Ever since the state income tax was presented to the General Assembly as a fait accompli by former Governor Lowell Weicker, a renegade Republican turned Independent, Democrats in the legislature, led by Mr. Donovan and Mr. Williams, have been agitating for a more progressive income tax. Their agitation hit pay dirt during the sleepy Rell administration when the tax was made progressive over the hearty objections of a much diminished Republican legislative contingent. Republicans argued at the time that revenues already were progressive on the receipt end, since those considered “rich” by Democrats were paying 66 percent of the income tax.
As soon as he touched down as governor, Dannel Malloy, in his present budget, added additional rate steps to the progressive tax ladder. Mr. Donovan thinks that if the bottom rungs of the latter were eliminated and more rungs were added to the top, the state would climb to Heaven more quickly. Those who know him think he will not be satisfied with less than everything and expect a tousle between the Democratic leadership in the General Assembly and Mr. Malloy on the question of getting and spending.
Is there some important difference between Connecticut’s self proclaimed progressive governor and the progressive Democratic caucus in the General Assembly that would lead a disinterested observer to conclude that the present government would be more capable than previous governments of repositioning Connecticut as a viable state?
The usual farce enacted between a progressive leadership in the Democratic dominated General Assembly and a fidgety Republican governor has run so often in Connecticut that even progressive minded academics now have the plot down pat. The replacement of a so called moderate Republican governor with a progressive Democratic governor has introduced a new note of suspenseful uncertainty into the predictable proceedings.

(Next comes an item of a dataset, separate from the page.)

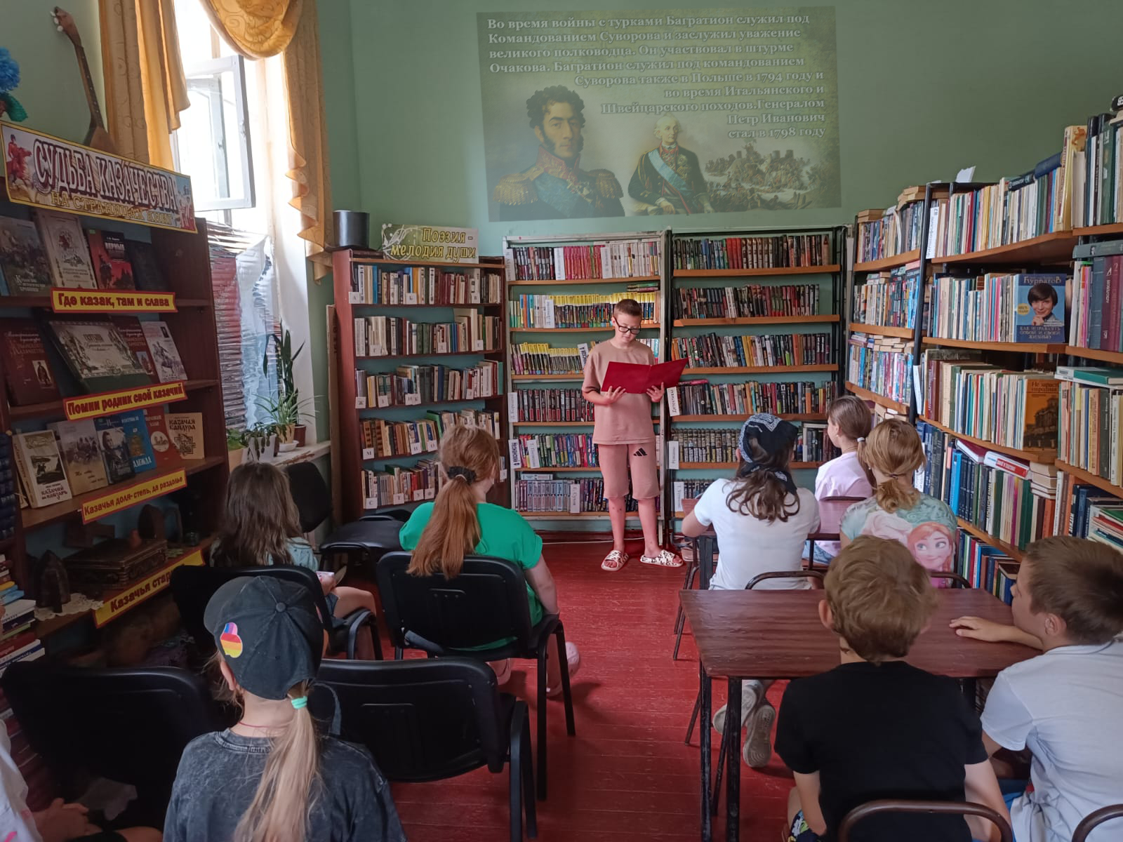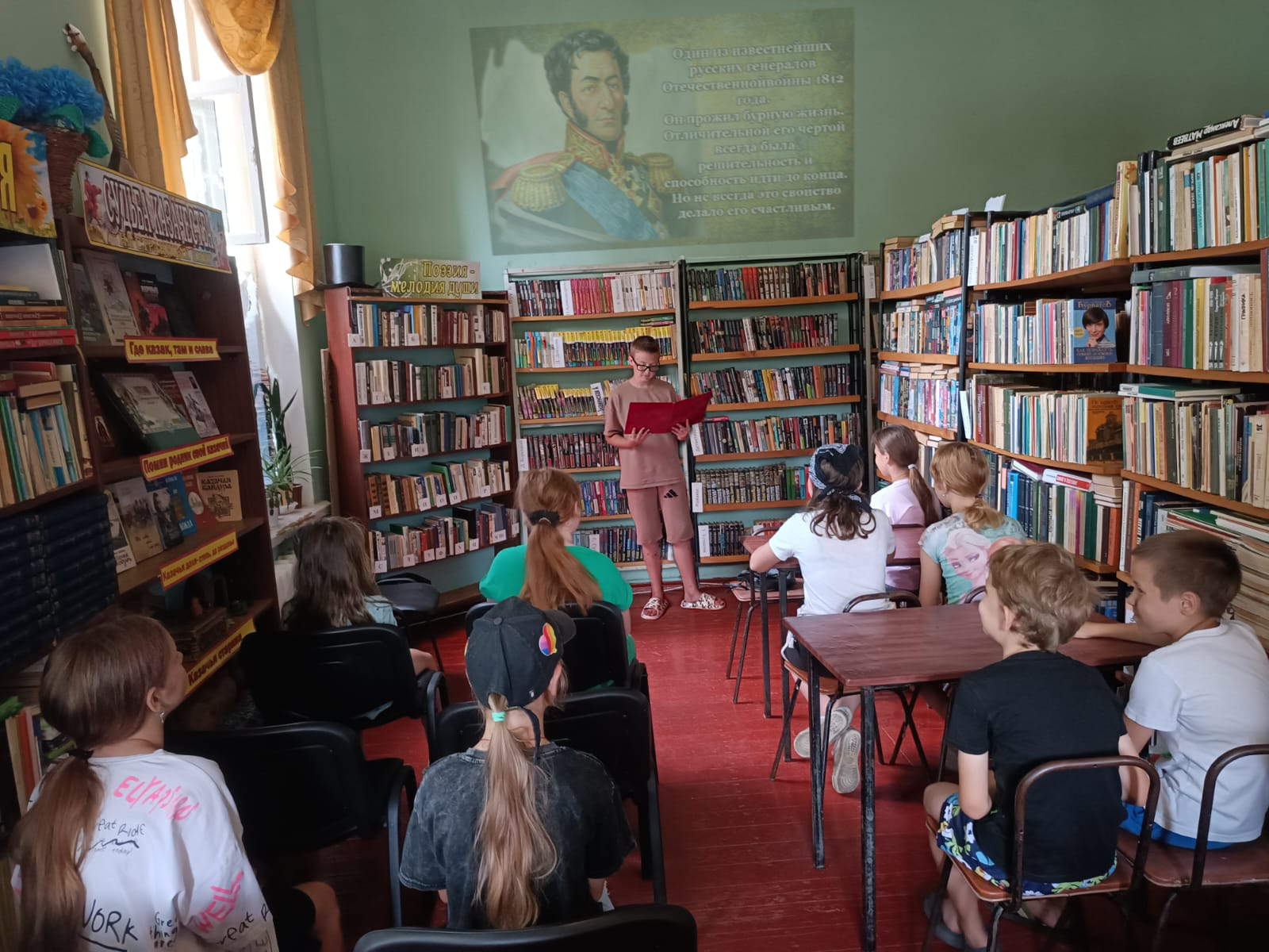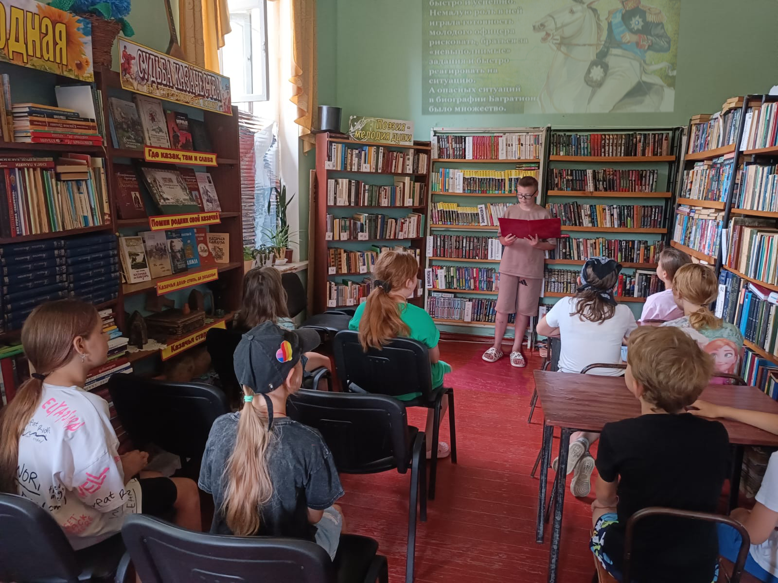 К 260-летию со дня рождения русского военачальника П.И.Багратиона, в рамках краевого марафона «Вместе мы крепкая сила», в Туркинской библиотеке,филиал №1 волонтером Саркисян Игорем был подготовлен вечер-портрет «Герой народной войны: Петр Багратион». Юные пользователи познакомились с биографией полководца, героя Отечественной войны 1812 г, узнали о его сражениях и подвигах, о том, что боевая деятельность Багратиона насчитывала 20 походов и войн, 150 сражений и боев. Это мероприятие позволило вспомнить о героическом прошлом нашей страны и отдать дань уважения выдающемуся военачальнику Петру Ивановичу Багратиону, как и всем офицерам 1812 года, которых отличало какое-то особенное чувство долга, чести, гордости, беззаветной храбрости и, конечно же, безграничной любви к своему Отечеству.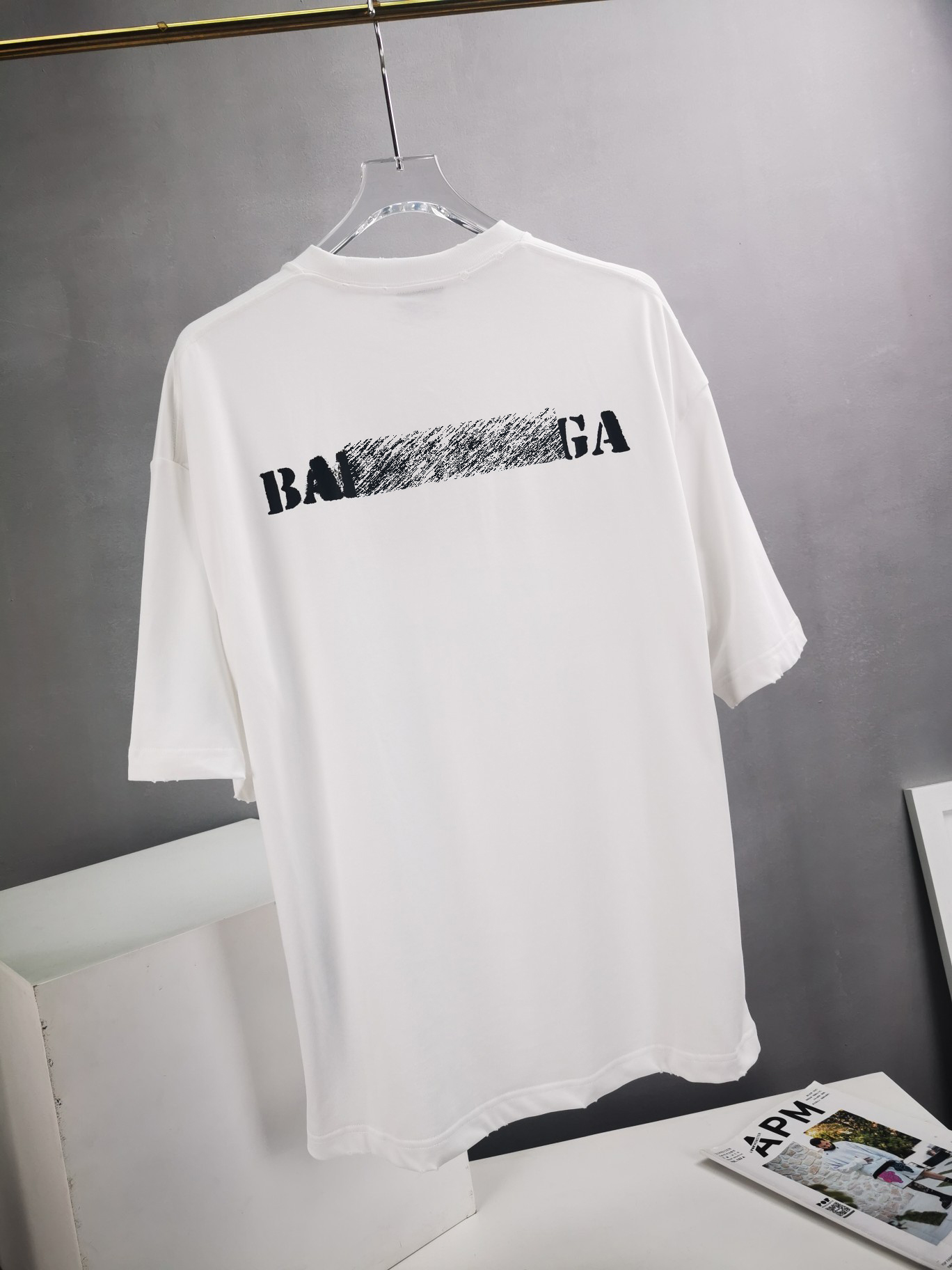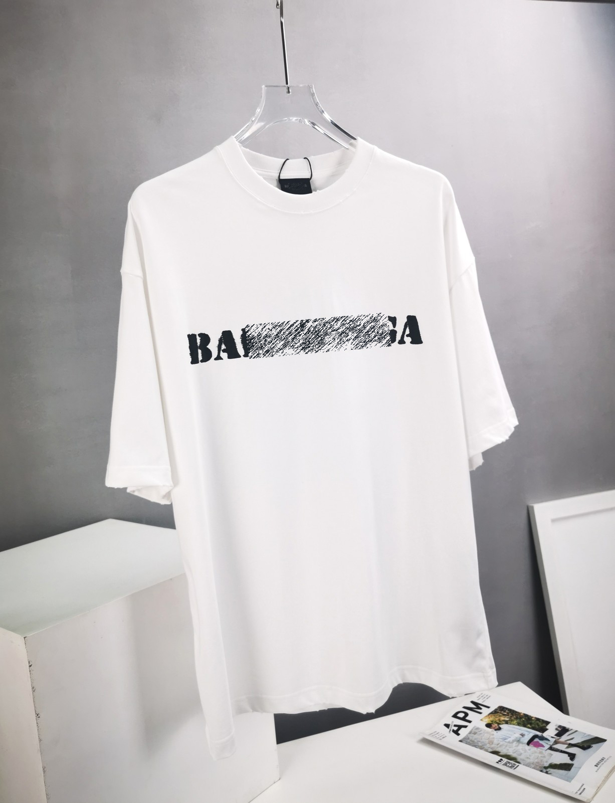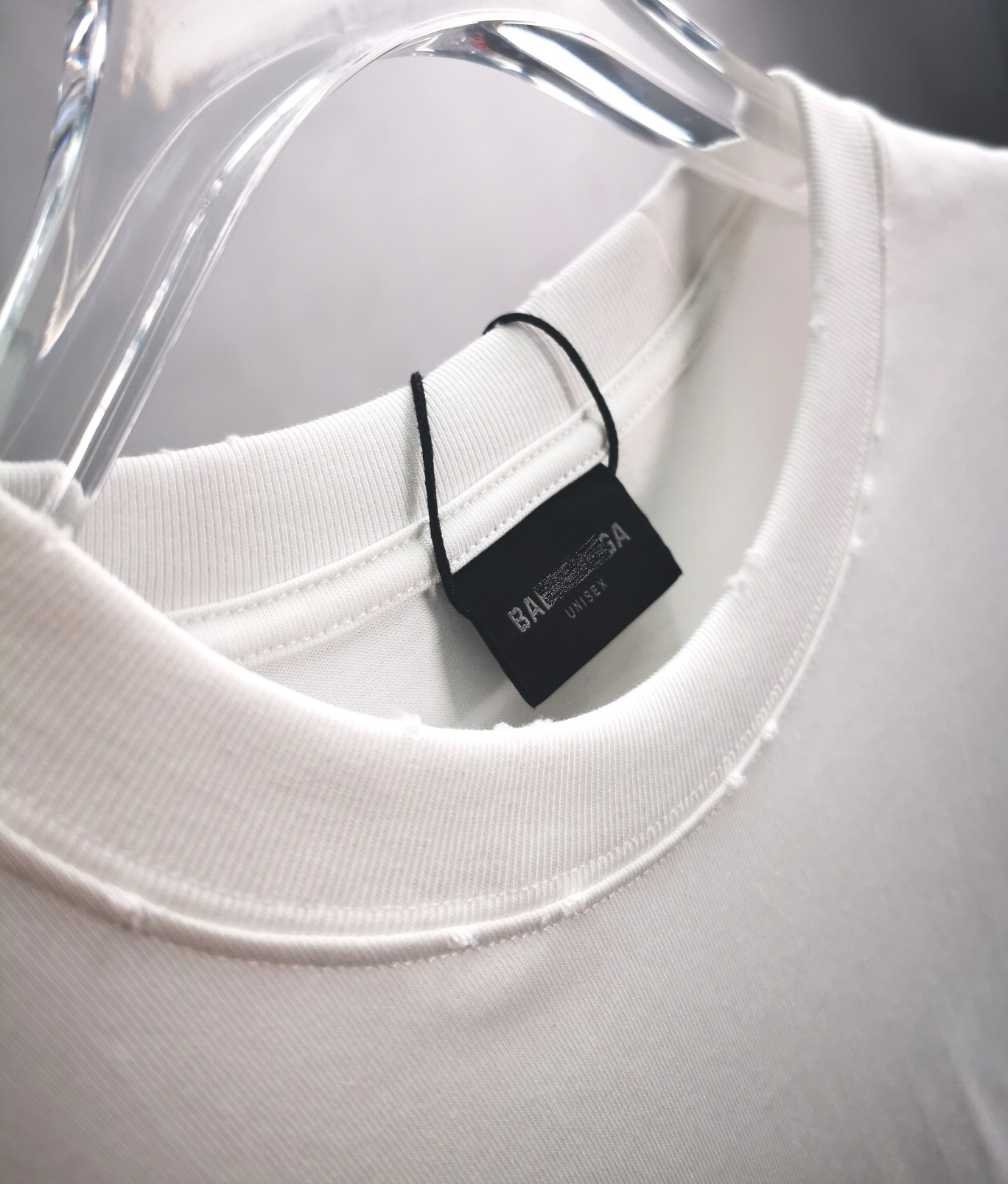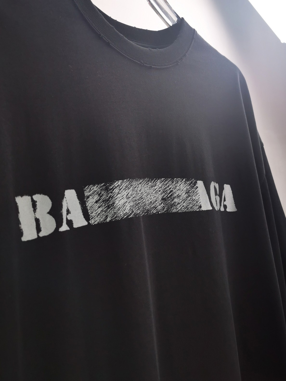 BL世家 2024春夏新款 洗水磨破印花字母 圆领短袖T恤 Z-11567

Mr. Malloy’s budget calls for massive tax increases. But, progressives moan, the increases are too broad based. Nearly everyone gets to bite a bullet in Mr. Malloy’s budget. This is, those in the state not infected with the progressive virus might argue, an economically efficient arrangement. Why? Because Connecticut’s treasury, heavily reliant on those making more than $200,000 a year, took a spectacular hit during the present unresolved recession -- precisely because the tax base had become too narrow. It simply is not true, at least in recessions, that “them that got shall get, them that’s not shall lose,” as the old Billie Holiday -- Arthur Herzog Jr. song would have it.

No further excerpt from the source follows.